In a scathing opinion, the court admonished the FTC’s disgorgement calculation, stating that under the FTC’s current practices, “the disgorgement total is [obviously] a moving target.” First, the court found that the FTC’s calculation—based solely on bank records—was unreasonable. Specifically, the bank records were not specific enough to establish that the requested disgorgement figure “reasonably approximate[d]” the defendant’s unjust gains, as the records did not allow for identification of actual consumer transactions.

The court also took issue with the FTC’s failure to use all available records to determine the total disgorgement figure and to conduct adequate due diligence in collecting all pertinent financial documents. Indeed, the court noted that the FTC’s lack of diligence was particularly questionable, given the fact that Vylah Tech kept specific records of each consumer transaction and made those records available to the FTC. The FTC simply chose not to provide those records to its forensic accountant, undermining its disgorgement calculation.

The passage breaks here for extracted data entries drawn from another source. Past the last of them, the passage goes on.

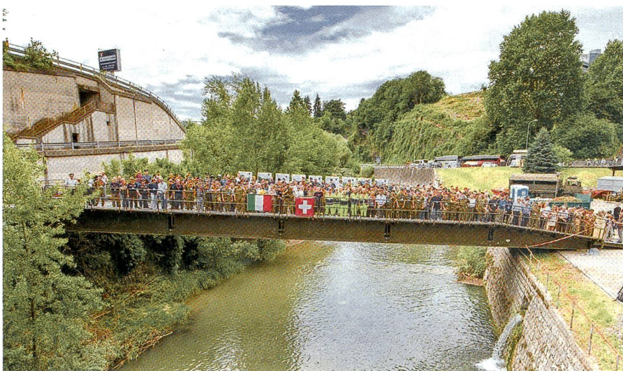
In freundschaftlicher, guter Harmonie: Der italienisch-deutsche Brückenschlag.

Im FU Bat 23 hat die HQ Kompanie 23/1 das HQ in der Zivilschutzausbildungsanlage Rivera bezogen. Die Kompanie stellt mit ihrer Arbeit den Stabsoffizieren der Ter Reg 3 die notwendigen Führungsmittel zur Verfügung, damit die Aufträge termingerecht wahrgenommen werden können.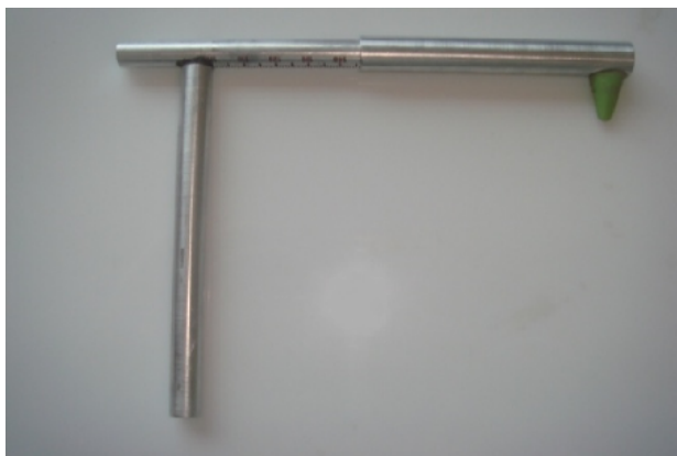
شکل ۲- خط کش مورد استفاده در مطالعه

فکی اورجت است. Zupancic و همکاران با بهره‌گیری از میزان اورجت بیمار تلاش نمودند که روابط فکی زیرین را پیش بینی نمایند، که همبستگی خوبی میان میزان اورجت و رابطه فکی در بیماران کلاس یک، کلاس دو Division 1 و کلاس سه مشاهده شد (۸). با این وجود اورجت قادر به تشخیص روابط اسکلتال کلاس دو Division 2 نبود، که یکی از محدودیتهای این روش به شمار می‌رود. Farkas و همکاران نیز که از پیشگامان آنترپومتری بودند، ارتباط میان اندازه‌گیری‌های آنترپومتریک و سفالومتریک را عمدتاً در بعد عمودی بررسی نموده‌اند (۹،۱۰) و در میان کارهای منتشر شده وی هیچ منبعی که روابط قدامی خلفی را بررسی نموده باشد یافت نشده است. آنچه که در مطالعات وی در بعد عمودی قابل مشاهده می‌باشد، بهره‌گیری و مقایسه از اندازه‌گیری‌های خطی سفالومتریک و آنترپومتریک است. یکی از آنالیزهای سفالومتری که از اندازه‌گیری‌های خطی در بعد قدامی خلفی بهره می‌برد، آنالیز مک نامارا می‌باشد (۱۱). در این آنالیز طول ماگزایلا و مندیبل از محل کندیل سنجیده می‌شود که با توجه به فاصله نسبتاً ثابت مجرای خارجی گوش تا کندیل، شاید بتوان از این لندمارک آنترپومتریک برای اندازه‌گیری‌های خطی مشابه بر روی بافت نرم بهره جست. در صورت برقراری همبستگی مطلوب بین اندازه‌گیری‌های قدامی خلفی آنترپومتریک و سفالومتریک می‌توان به پیش بینی روابط اسکلتال از روی بافت نرم امیدوار بود. هدف از این مطالعه نیز مقایسه اندازه‌گیری‌های به دست آمده از اختلاف واحد آنالیز مک نامارا (Unit Difference in McNamara Analysis) با معادل‌های پیشنهادی روی بافت نرم می‌باشد.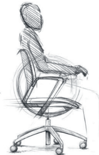
Teekeningen Illustrations: Paolo Fancelli

La Force et le Corps pour les Humans en mouvement. Un siège pivotant est synonyme de mouvement. Sa spécificité réside dans le pivotement et l'oscillation. La forme idéale pour le mouvement, c'est la boule. C'est le seul corps rotatif sans restriction qui conserve toujours une élégance absolue. Même lorsqu'une boule est usinée, réduite par découpage et évidage, la géométrie d'une boule demeure intacte et visible. C'est le cas aussi avec le giroflex 313. La géométrie stricte place l'être humain au centre. Le giroflex 313 est présent, pas dominant. Il est dédié à sa fonction.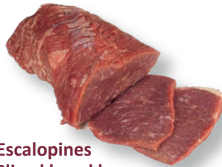
Escalopines Sliced knuckle Mouvant tranché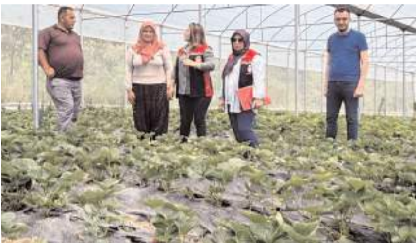
Tarım ve Orman İl Müdürlüğü ekipleri ve yetkilendirilmiş Kontrol ve Sertifikasyon Kuruluşu ekipleri proje kapsamında denetim yaptı.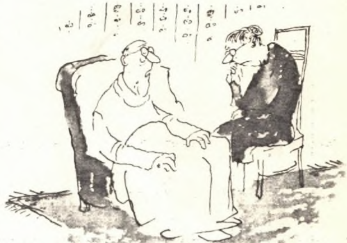
„Než zavřu oči navždy, musím se ti, Žofie, s něčím svěřit: celá ta léta jsem tě klamal se zahraničními rozvědkami.“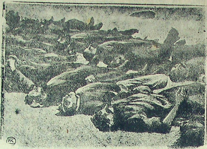
Что готовили нам меньшевики-интервенты.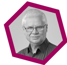
prof. dr hab. Jerzy Hausner Przewodniczący Rady Programowej Open Eyes Economy Summit, Profesor Honorowy Uniwersytetu Ekonomicznego w Krakowie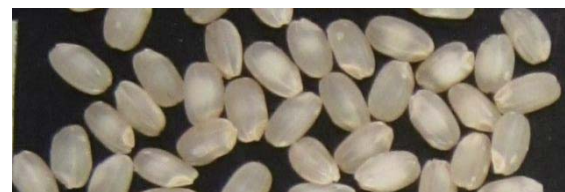
図1 「広系酒 45 号」の玄米

本年は安芸高田市高宮町、三次市三和町、東広島市高屋町の3地域で各2ha栽培されており、秋には約30tのお米が収穫できる予定です。県内の酒造会社がこのお米を使って試験醸造し、お酒は一般に販売される予定です。是非ご賞味ください。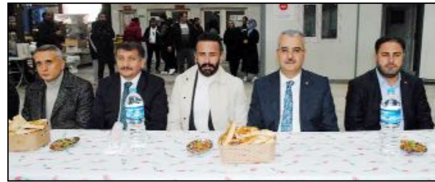
Yakupoğulları Özçelik Metal tarafından Ramazan ayı dolayısıyla çalışanlara yönelik olarak iftar programı düzenlendi.

İftar programı konuşmaların ardından çekilen hatıra fotoğrafı ile sona erdi. (Haber Merkezi)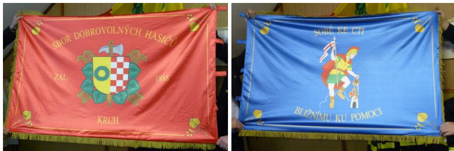
Slavnostní prapor SDH Kruh

Prapor byl představen starostou sboru Romanem Kuzelem členům SDH na Výroční valné hromadě dne 9.1.2010 a veřejnosti na 100. hasičském bále dne 6.2.2010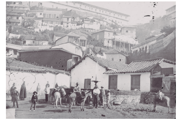
PLAZA EN VALPARAÍSO. CHILE.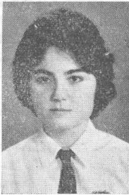
Վահրիանի Արսեան Ամերիկէն Միջըն վրժ.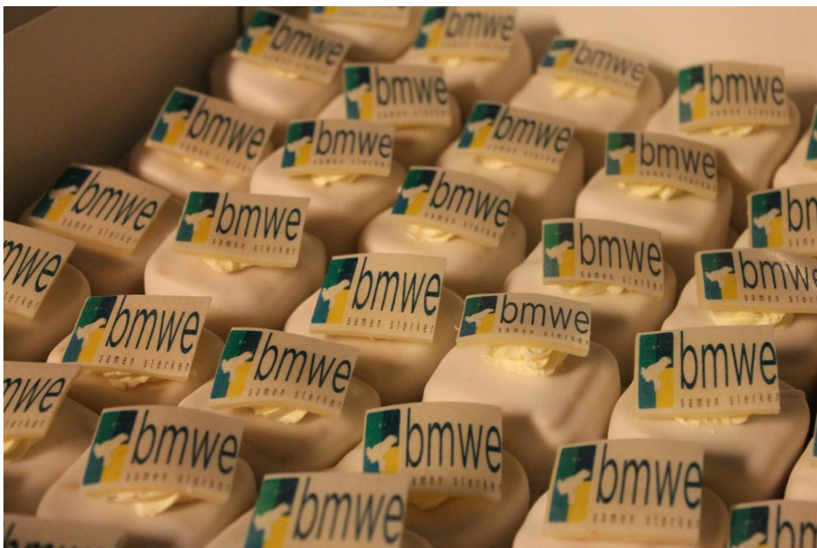
Op weg naar de herindeling BMW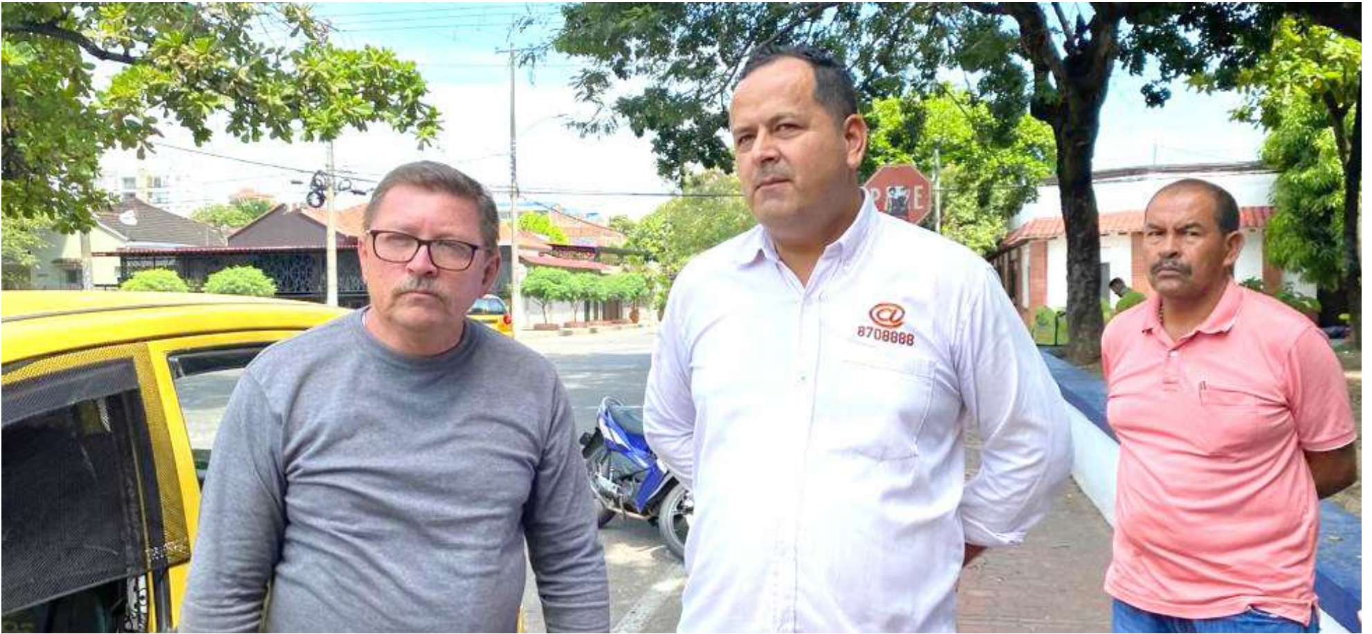
Taxistas aseguran que por el momento, las autoridades no les han informado de casos de paseo millonario en Neiva.

dor de movilidad y también propietario de un vehículo tipo taxi, indicó que por el momento ellos no tienen conocimiento de ninguna denuncia o estadística con respecto a este hecho delictivo.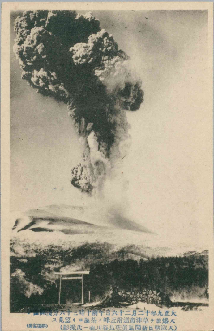
大正九年十二月二十六日午前十時三十分六分淺岡山 大爆ノ草津街附近ノ茶屋ヨリ望見ス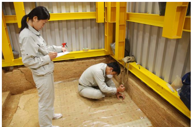
24：地耐力調査（針貫入試験）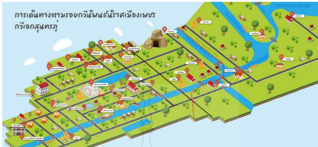
ภาพที่ 2 การเดินทางตามรอยกวีนินห์นราศเมืองเพชร กวีเอกสุนทรภู่

เส้นทางในนิราศ การเดินทางเริ่มต้นออกจากท่าเรือหน้าวัดอรุณราชวรารามไปทางคลอง บางกอกใหญ่ คลองบางลำเจียก คลองขวาง คลองมหาไชยออกแม่น้ำท่าจีน เข้าคลองสามสิบสองคด คลองสุนัขหอน ออกแม่น้ำแม่กลองไปปากอ่าว ปากคลองโคกนาค ปากคลองช่อง ข้ามอ่าวยี่สามน เข้าคลอง ตะบูน ถึงเพชรบุรี ซึ่งสถานที่สำคัญที่กวีเอกสุนทรภู่ได้เดินทางมายังจังหวัดเพชรบุรี ได้แก่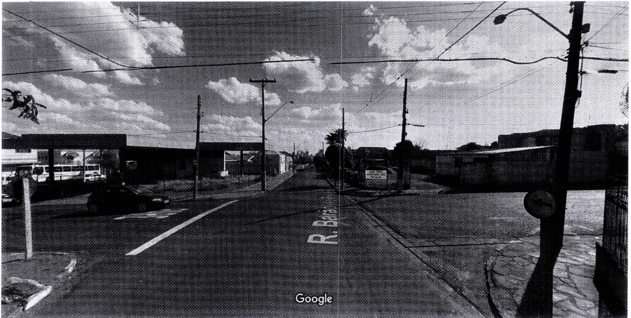
Captura da imagem: ago 2011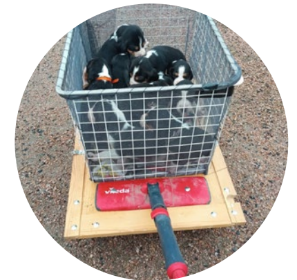
Puskajussin Eetu - KVA Puskajussin Tella jälkeläiset pentuvaunussa matkalla pihamaalle.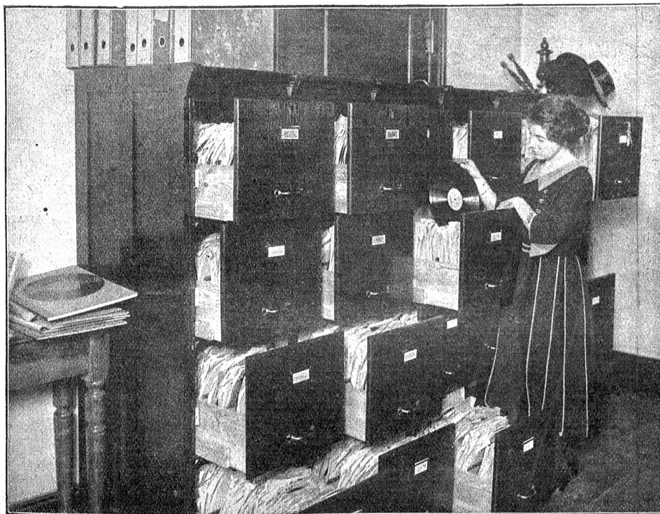
Ein Teil des Stimmemuseums an der Preussischen Staatsbibliothek. Die Lautplatten haben nach dem Gutachten erster Chemiker eine Lebensdauer von etwa 10,000 Jahren.

Es ist nicht ohne Reiz, sich auszudenken, wie ein fernes Geschlecht das Bild unserer gegenwärtigen Kultur wird überliefert erhalten. Nehmen wir an — diese Möglichkeit ist ja leider durch die Entwicklung der letzten Jahre in konkrete Nähe gerückt — Europa und damit vielleicht die ganze zivilisierte Welt werde durch ein Kriegs- und Seuchenjahrhundert verheert und junge Barbarenvölker richten einst auf den Trümmern der alten eine neue Kultur auf. Welche Schätze von Hilfsmitteln würden da der Ruinenschutt der Weltstädte, der Grund der Aecker und Weinberge, der Schlamm der Meere und Seen den Archäologen jener entlegenen Kultur bieten zur Rekonstruktion der Vergangenheit! Denken wir uns nur aus, was wir von den alten Babyloniern alles wissen könnten, wenn wir aus dem mesopotamischen Wüstensande nicht nur Tontafelbibliotheken, sondern ganze Bildergalerien und Kupferstichsammlungen, in staub- und feuchtheitsicheren Safes eingeschlossen, herausgraben könnten!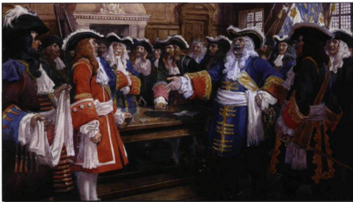
■ Frontenac recevant l'envoyé de sir William Phips venu demander la reddition de la ville, 1690. Aquarelle anonyme, vers 1925.

Québec n'est certes pas Versailles, mais l'intendant Jacques De Meulles avoue, en 1685, qu'on y vit aussi bien qu'en France. Le gouverneur Frontenac, qui a connu le faste de la cour de Louis XIV – que son épouse n'a d'ailleurs pu se résigner à abandonner –, donne en quelque sorte le ton à la bonne société québécoise. Bourg de marchands, d'artisans et de journaliers, en 1672, la capitale compte, à la fin du XVII e siècle, de plus en plus de gentilshommes gravitant autour du pouvoir, incarné par le gouverneur. Cette élite anime la vie sociale de la ville.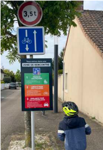
Rue de la Mairie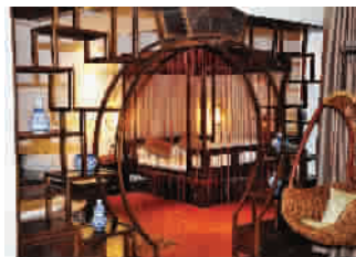
■ 古董老宅里的陈设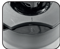
Para fechar a tampa alinhe a seta da tampa com a indicação da jarra e gire em sentido horário (Figura3)

O café tende a perder calor rapidamente quando servido em dias muito frio, o mesmo pode acontecer quando for servido em pouca quantidade e em xícaras muito grande, neste caso; recomenda-se utilizar xícaras com tamanho apropriado à dose do café desejado e consumir o café logo após seu preparo, ou ainda, servir uma quantidade maior de café.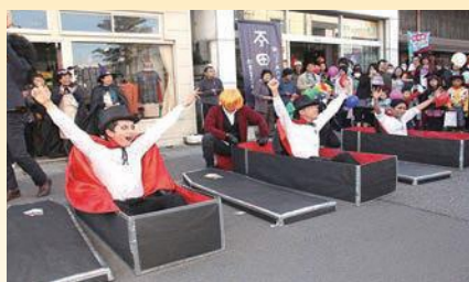
2015年ドラキュラフェスタの一場面。幅広い年齢層の住民が仮装しており、町全体での盛り上がり伝わってくる。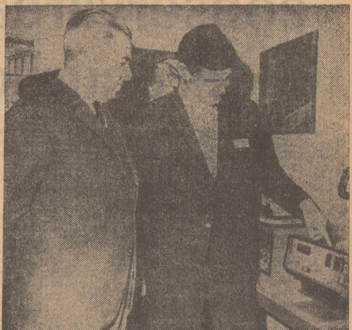
În timpul vizitei la uzina de cabluri „Nokia” din Helsinki.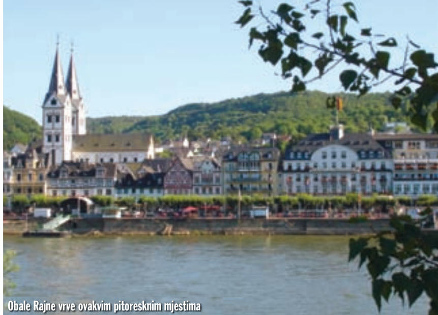
Obale Rajne vrve ovakvim pitoresknim mjestima

označena je crvenom, a cesta uz istočnu obalu žutom bojom. E sad, crvena boja znači široke, brze ceste, po kategoriji odmah ispod tzv. poluatoceste, kod nas bi to bilo u rangu s Ličkom magistralom. Žute ceste su uže, s više zavoja, sporije, tipa one kroz Gorski Kotar. Mi, naravno, odabiremo istočnu obalu, s kompliciranijom cestom. Ipak, poučeni sad već dugogodišnjim iskustvom vozikanja po Zapadnoj Njemačkoj znamo da ne moramo očekivati nikakve neugodnosti, barem što se tiče stanja ceste i kvalitete asfalta. Vozimo se dobrom, širokom i blago zavojitom cestom koja prati rijeku, uživajući u svemu što nas okružuje. Svako toliko stajemo nešto prokomentirati ili slikati neki od dvoraca koji se stalno pojavljuju na obje riječne obale. Nakon nekog vremena dolazimo u mjestasce Sankt Goarshausen te skrećemo s ceste uz rijeku na cesticu koja se penje uzbrdo i vodi do jednog od najpoznatijih mjesta uz Rajnu. Tamo se nalazi stijena s koje se, kako kaže legenda, mlada djevojka Loreley, očajna zbog nevjernog ljubavnika, bacila u rijeku. Međutim, nije umrla, već se pretvorila u sirenu i od tada svojim pjevanjem mami mornare u smrt. Sama stijena visoka je 120 m i nalazi se na mjestu na kojem je korito Rajne najuže u cijelom njenom toku, od Švicarske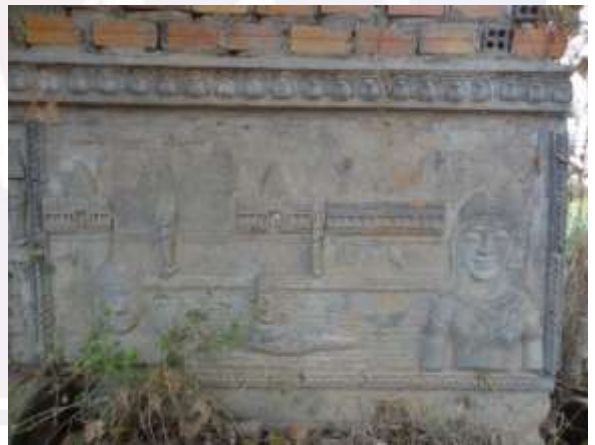
រូបលេខ៤៖ ក្រពើអាជនបញ្ជិះព្រះនាងកែវប្រាំពីរពណ៌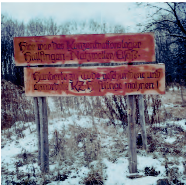
Die von der DKP Tübingen im Mai 1985 am Ende der Landebahn aufgestellte Gedenktafel, zerstört Anfang 1986 (historische Polaroidaufnahme). Text: «Hier war das Konzentrationslager Hailfingen-Natzweiler Elsass. / Hunderte zu Tode geschundene und ermordete KZ-Häftlinge mahnen. / Nie wieder Faschismus / Nie wieder Krieg!»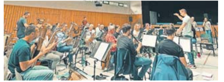
Die Wettertaler Blasmusik nach Probewochenende bereit.

Wettertaler Blasmusik lädt zum Konzert ein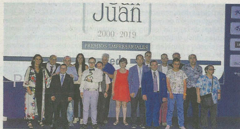
Imagen de la pasada edición de los Premios San Juan de FEDA.

La convocatoria se llevará a cabo con el compromiso de las instituciones y entidades que forman parte de elenco de colaboradores de los Premios Empresariales San Juan: CaixaBank, BBVA, Banco Sabadell,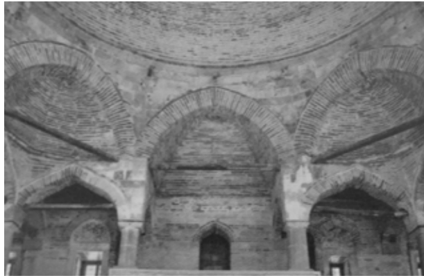
Τέμενος Ζιντζιρλί, ο κεντρικός τρούλος. Zincirli mosque, the main dome.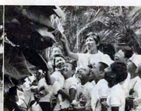
「でっかい葉だなア」東南植物園で

Perhaps one of the most interesting parts of the court’s ruling was with respect to a non-party. Tech Logic, a company that worked with Vylah Tech, was not named in the complaint, but the FTC still sought to obtain injunctive relief against Tech Logic and disgorgement of its funds earned as part of a common enterprise with Vylah Tech. The court, however, was unwilling to award injunctive relief against a non-party or to include third-party funds in the disgorgement calculation, citing jurisdictional concerns. The court went so far as to conclude that including these non-party funds in the disgorgement calculation was only further indication that the FTC’s disgorgement calculation was unreasonable.

Given the FTC’s failure to consider all information available to it, the improper inclusion of third-party funds, and the lack of precision in its disgorgement calculation, the court ultimately denied the FTC any disgorgement.

This ruling represents a cautionary tale for the FTC that it must “show the receipts” when seeking monetary relief. As the attack on the FTC’s authority to seek monetary relief rages on, it will be interesting to see if other courts follow the Vylah Tech court’s lead.